DIRECTIONS FOR THIS TASK
Working through the data below, reproduce word for word the line with "在首页,您能够看到影视集合、聚合搜索、直播聚合等板块的内容。" and every line after it, both ends included, and omit the pictures.

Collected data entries
- Opening Delimiter -
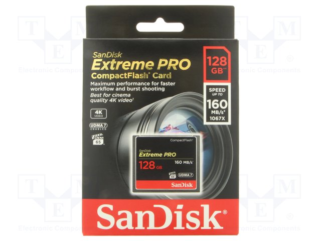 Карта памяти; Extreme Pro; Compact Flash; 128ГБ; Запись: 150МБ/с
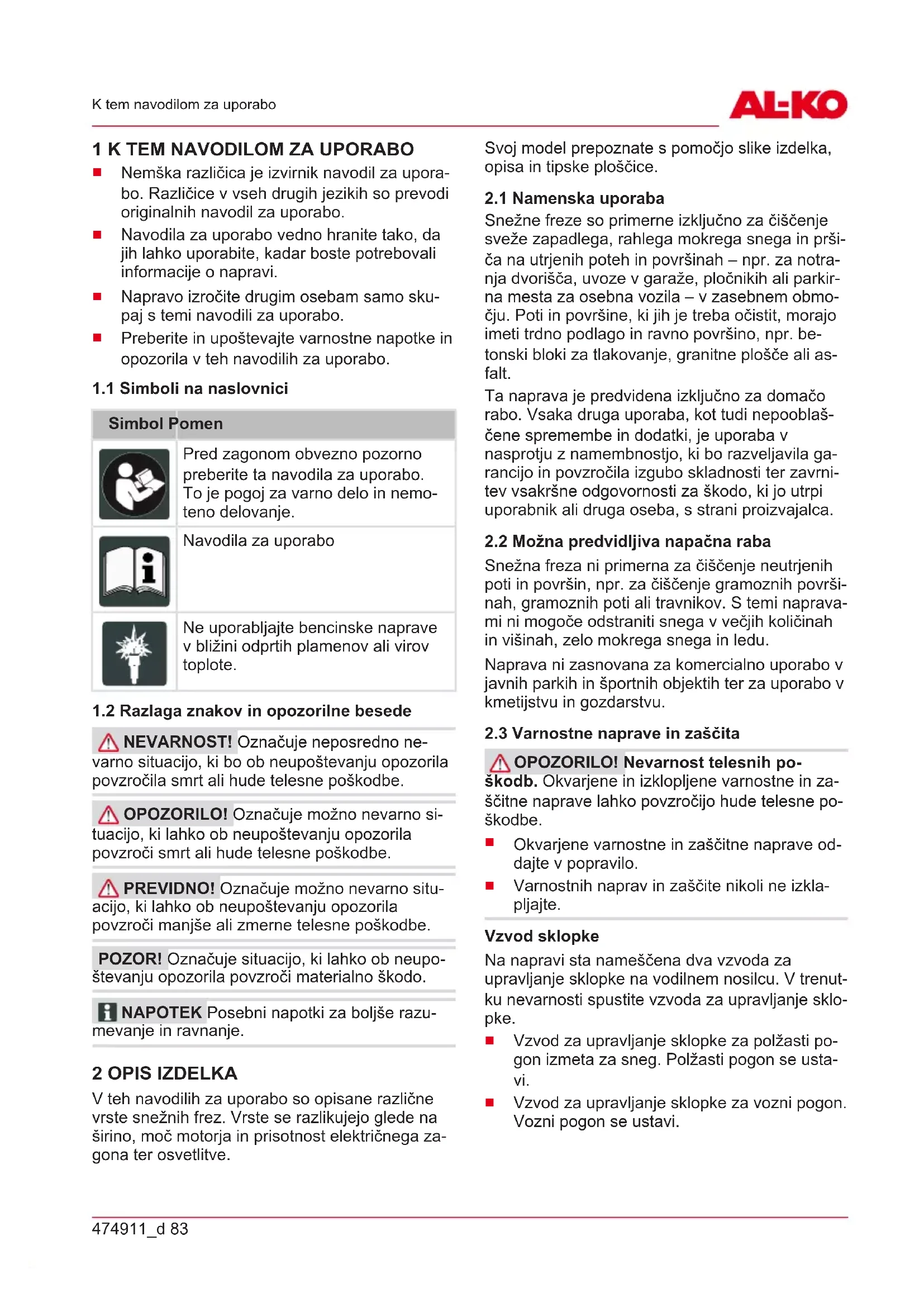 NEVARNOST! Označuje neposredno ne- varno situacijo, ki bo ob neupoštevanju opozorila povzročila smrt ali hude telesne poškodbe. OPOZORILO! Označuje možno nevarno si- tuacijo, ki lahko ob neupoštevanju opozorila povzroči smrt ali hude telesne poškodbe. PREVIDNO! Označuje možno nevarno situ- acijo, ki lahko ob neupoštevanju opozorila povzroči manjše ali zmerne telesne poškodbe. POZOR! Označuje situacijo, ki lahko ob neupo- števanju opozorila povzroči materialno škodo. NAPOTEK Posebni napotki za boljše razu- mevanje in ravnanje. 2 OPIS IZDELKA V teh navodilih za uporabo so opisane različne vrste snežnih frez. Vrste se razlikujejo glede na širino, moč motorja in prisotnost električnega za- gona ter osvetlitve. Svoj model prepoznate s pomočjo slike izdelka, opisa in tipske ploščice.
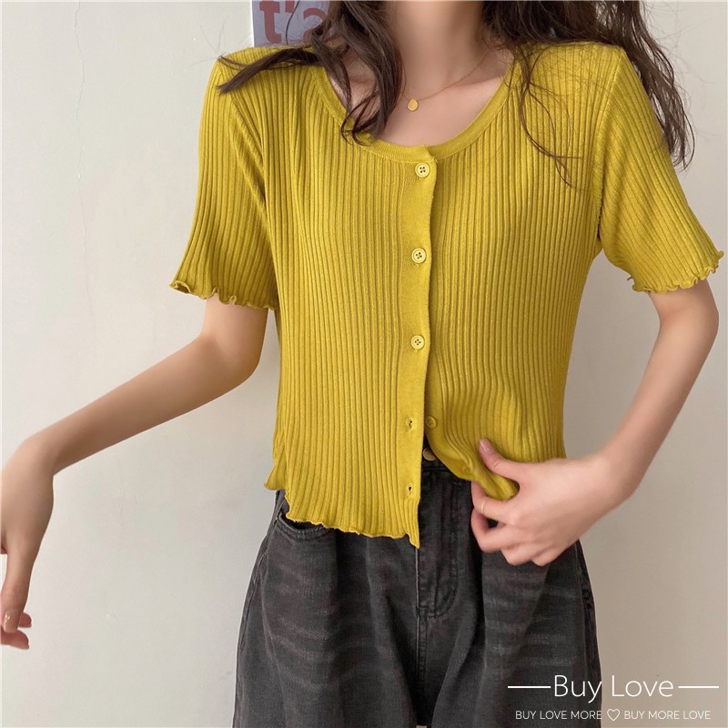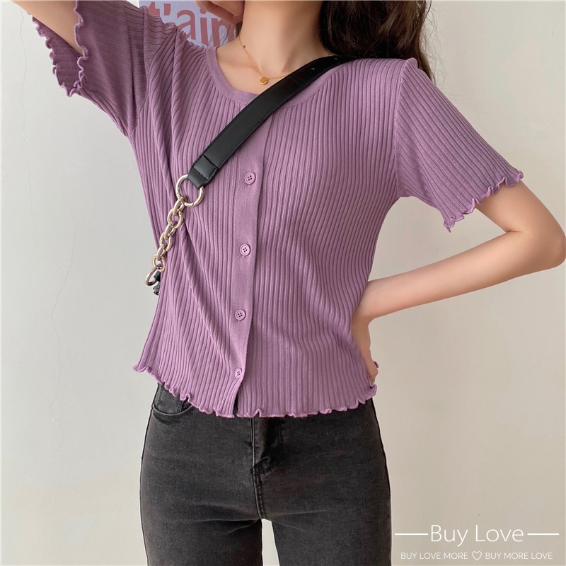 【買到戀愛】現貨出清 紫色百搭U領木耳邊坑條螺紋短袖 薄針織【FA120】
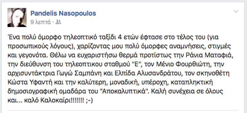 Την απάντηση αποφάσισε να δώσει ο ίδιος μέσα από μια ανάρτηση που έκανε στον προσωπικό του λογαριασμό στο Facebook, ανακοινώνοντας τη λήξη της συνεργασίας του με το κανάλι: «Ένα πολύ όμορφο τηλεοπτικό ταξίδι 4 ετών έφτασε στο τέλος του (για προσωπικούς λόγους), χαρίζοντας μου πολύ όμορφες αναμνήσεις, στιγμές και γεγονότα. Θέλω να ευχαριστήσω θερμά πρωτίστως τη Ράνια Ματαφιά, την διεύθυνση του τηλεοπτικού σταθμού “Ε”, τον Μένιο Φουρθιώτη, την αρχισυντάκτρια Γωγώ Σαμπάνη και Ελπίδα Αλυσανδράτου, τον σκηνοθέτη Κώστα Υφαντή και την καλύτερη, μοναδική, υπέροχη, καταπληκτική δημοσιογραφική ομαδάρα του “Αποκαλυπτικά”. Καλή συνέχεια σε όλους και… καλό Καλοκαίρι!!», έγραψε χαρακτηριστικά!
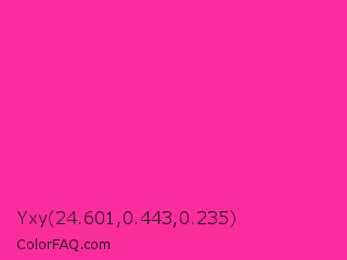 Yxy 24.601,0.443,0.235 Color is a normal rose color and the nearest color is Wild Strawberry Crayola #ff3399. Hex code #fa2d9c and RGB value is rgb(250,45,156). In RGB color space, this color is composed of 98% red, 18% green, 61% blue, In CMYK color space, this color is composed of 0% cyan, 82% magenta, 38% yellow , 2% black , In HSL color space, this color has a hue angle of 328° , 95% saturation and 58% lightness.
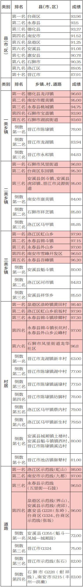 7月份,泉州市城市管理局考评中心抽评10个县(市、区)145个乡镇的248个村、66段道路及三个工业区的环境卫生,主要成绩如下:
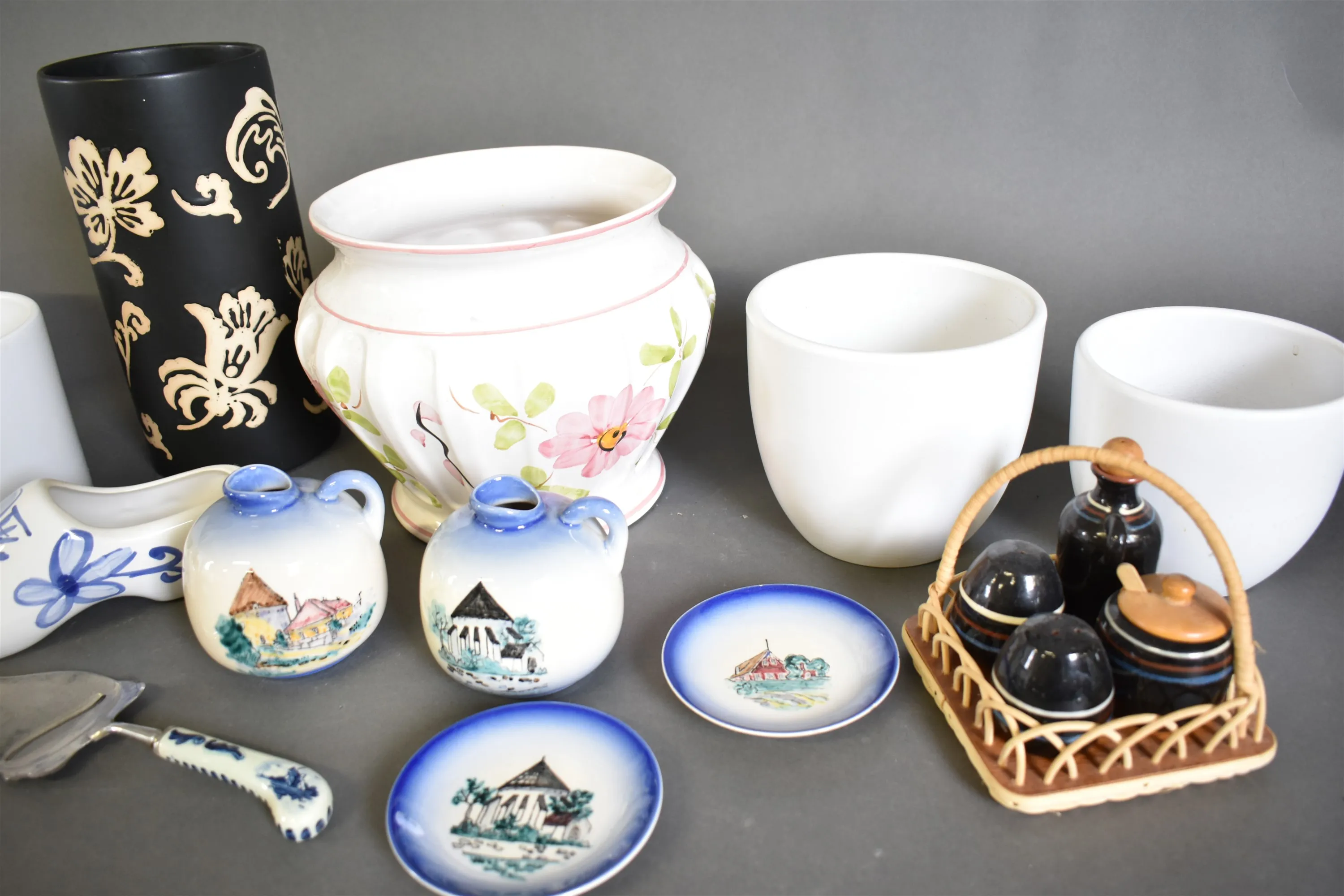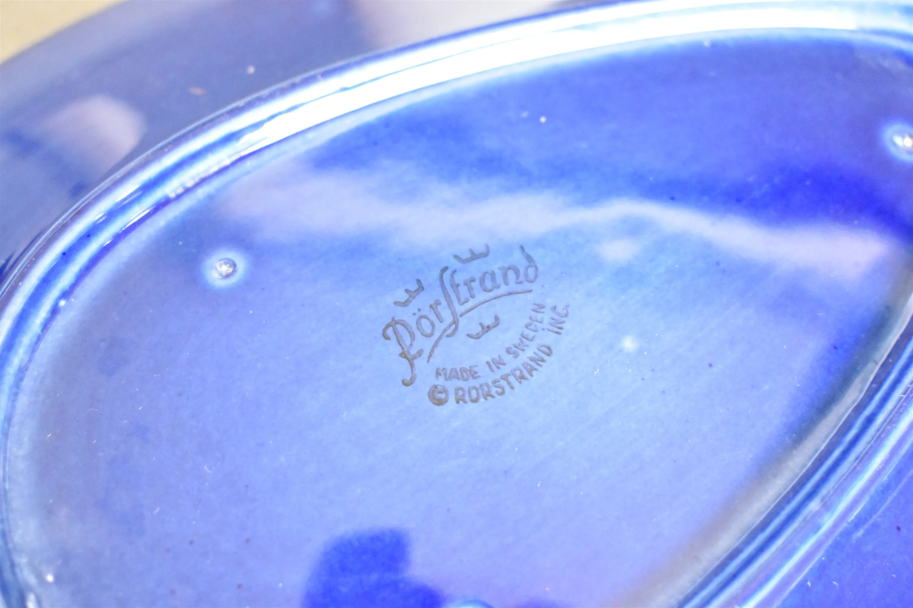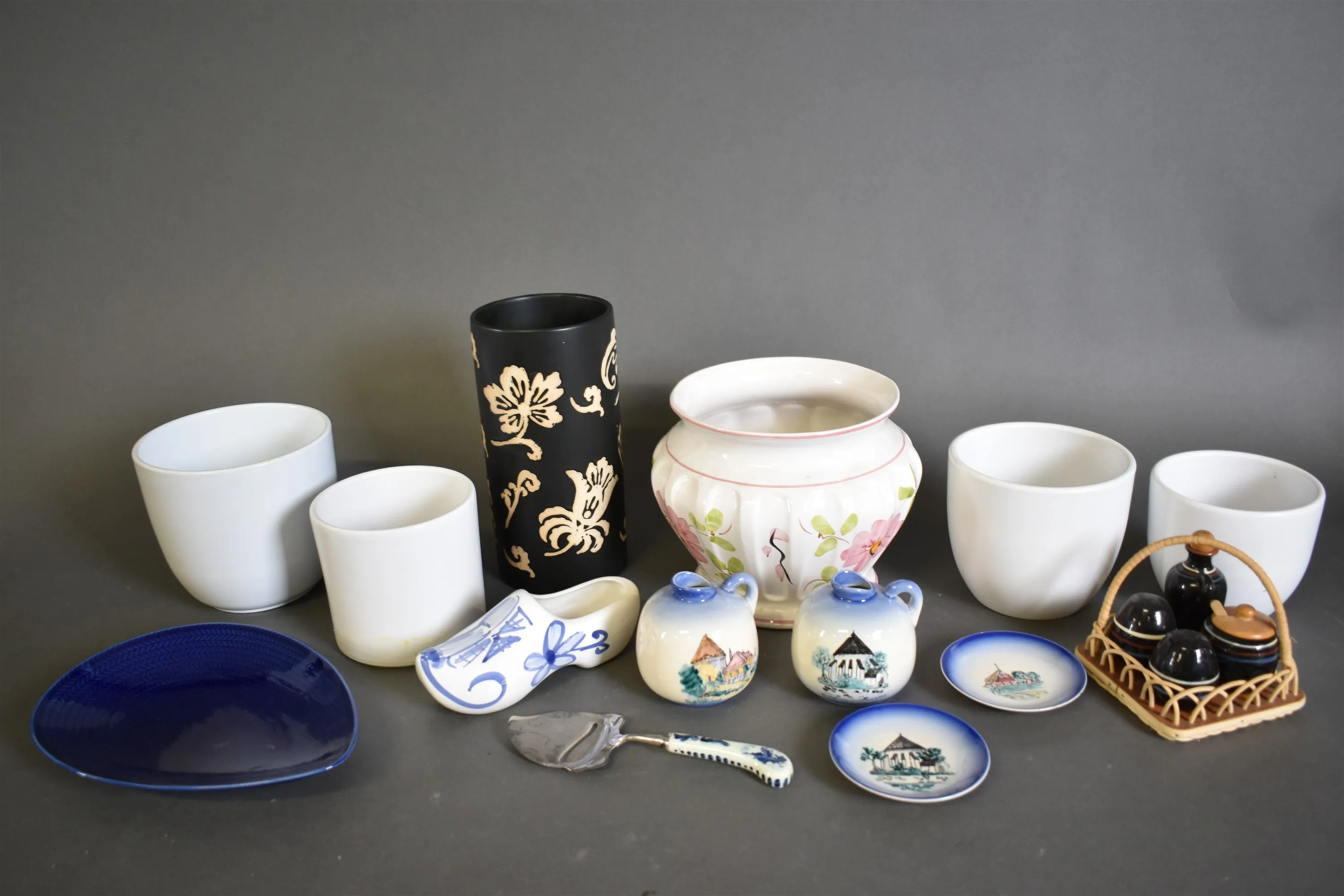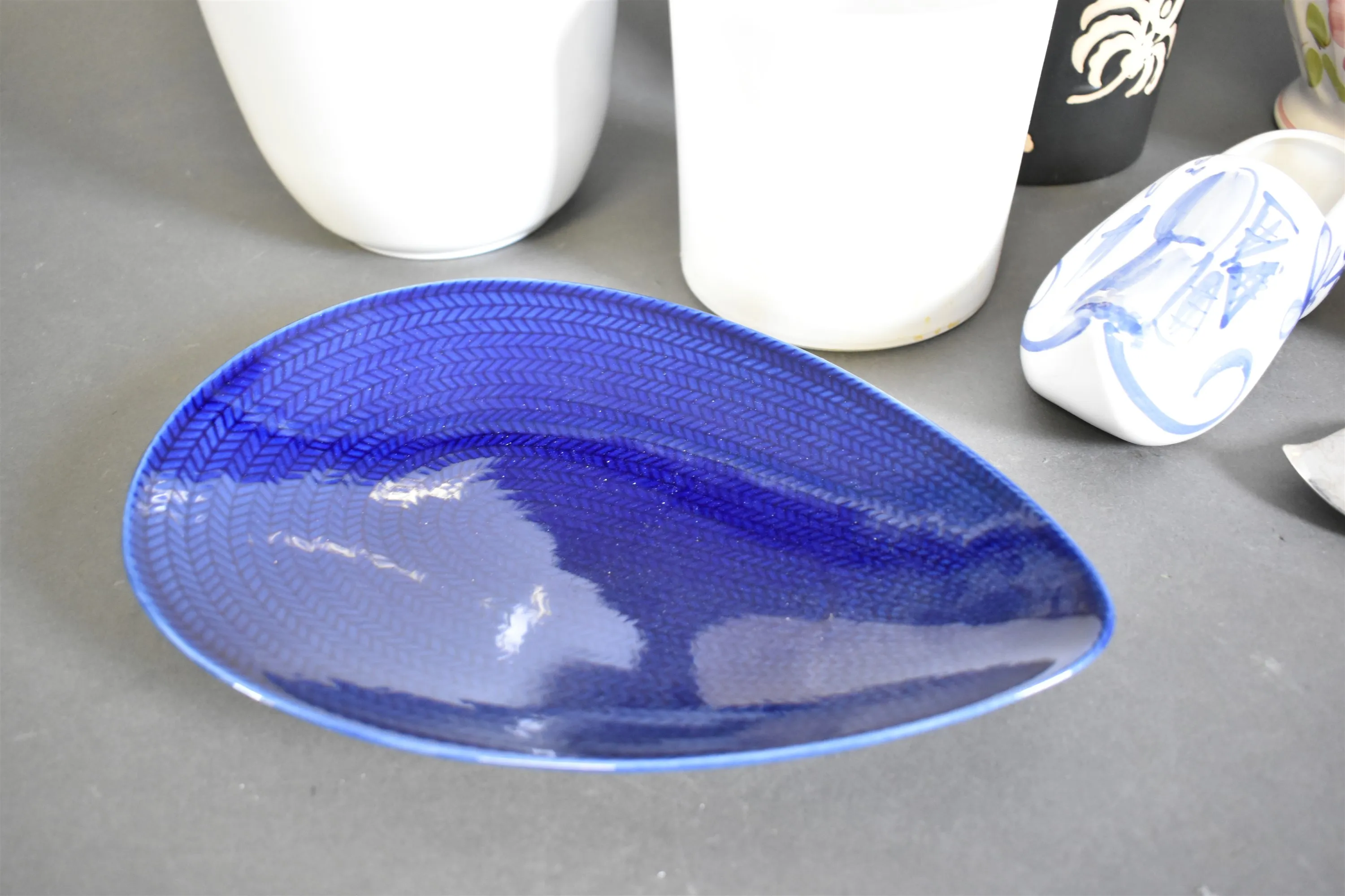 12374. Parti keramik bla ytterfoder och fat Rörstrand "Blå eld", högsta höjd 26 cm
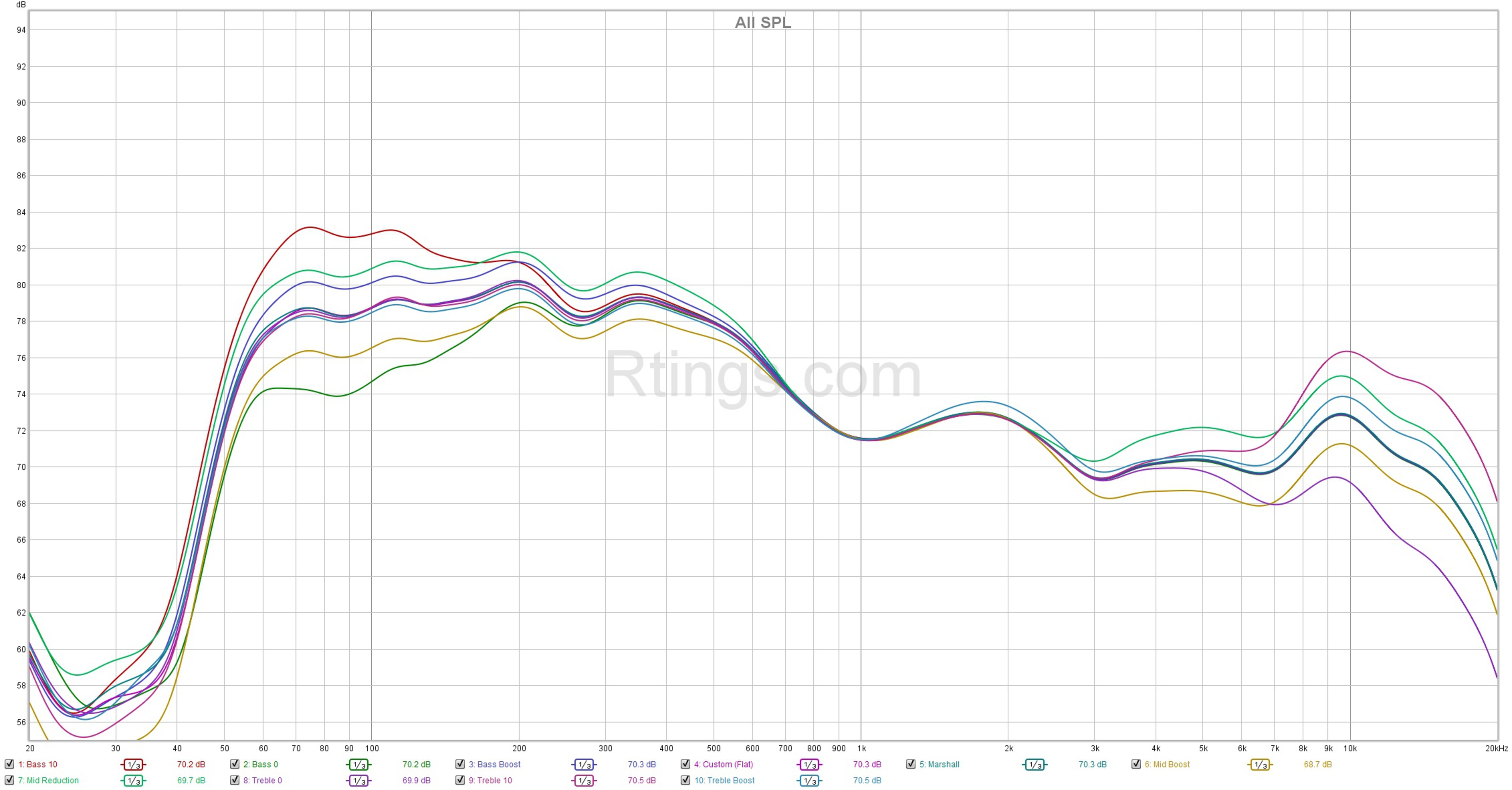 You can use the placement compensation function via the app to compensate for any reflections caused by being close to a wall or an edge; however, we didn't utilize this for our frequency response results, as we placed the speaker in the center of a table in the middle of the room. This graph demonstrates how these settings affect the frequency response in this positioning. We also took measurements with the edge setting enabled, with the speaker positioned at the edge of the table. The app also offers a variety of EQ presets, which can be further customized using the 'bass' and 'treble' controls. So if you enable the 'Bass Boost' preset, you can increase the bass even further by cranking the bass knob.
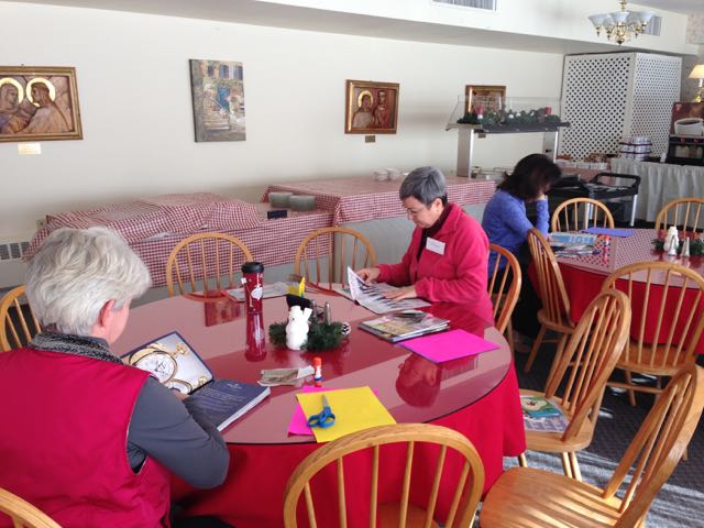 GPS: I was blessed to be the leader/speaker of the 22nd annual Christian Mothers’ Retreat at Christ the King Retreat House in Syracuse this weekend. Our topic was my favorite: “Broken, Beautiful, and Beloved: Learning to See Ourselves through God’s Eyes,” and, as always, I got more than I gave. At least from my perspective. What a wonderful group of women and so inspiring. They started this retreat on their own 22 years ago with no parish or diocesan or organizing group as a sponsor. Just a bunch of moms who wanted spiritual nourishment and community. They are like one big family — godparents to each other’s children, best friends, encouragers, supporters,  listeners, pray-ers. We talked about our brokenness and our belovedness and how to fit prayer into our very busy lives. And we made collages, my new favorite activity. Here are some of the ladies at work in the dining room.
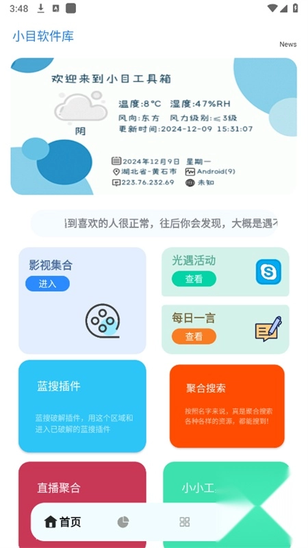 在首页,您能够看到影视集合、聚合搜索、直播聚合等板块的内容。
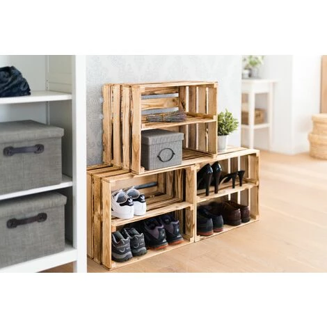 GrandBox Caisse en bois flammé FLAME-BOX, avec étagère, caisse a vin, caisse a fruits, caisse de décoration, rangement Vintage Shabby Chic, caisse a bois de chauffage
- Closing Delimiter -
ANSWER FOR THE TASK
 在首页,您能够看到影视集合、聚合搜索、直播聚合等板块的内容。
 GrandBox Caisse en bois flammé FLAME-BOX, avec étagère, caisse a vin, caisse a fruits, caisse de décoration, rangement Vintage Shabby Chic, caisse a bois de chauffage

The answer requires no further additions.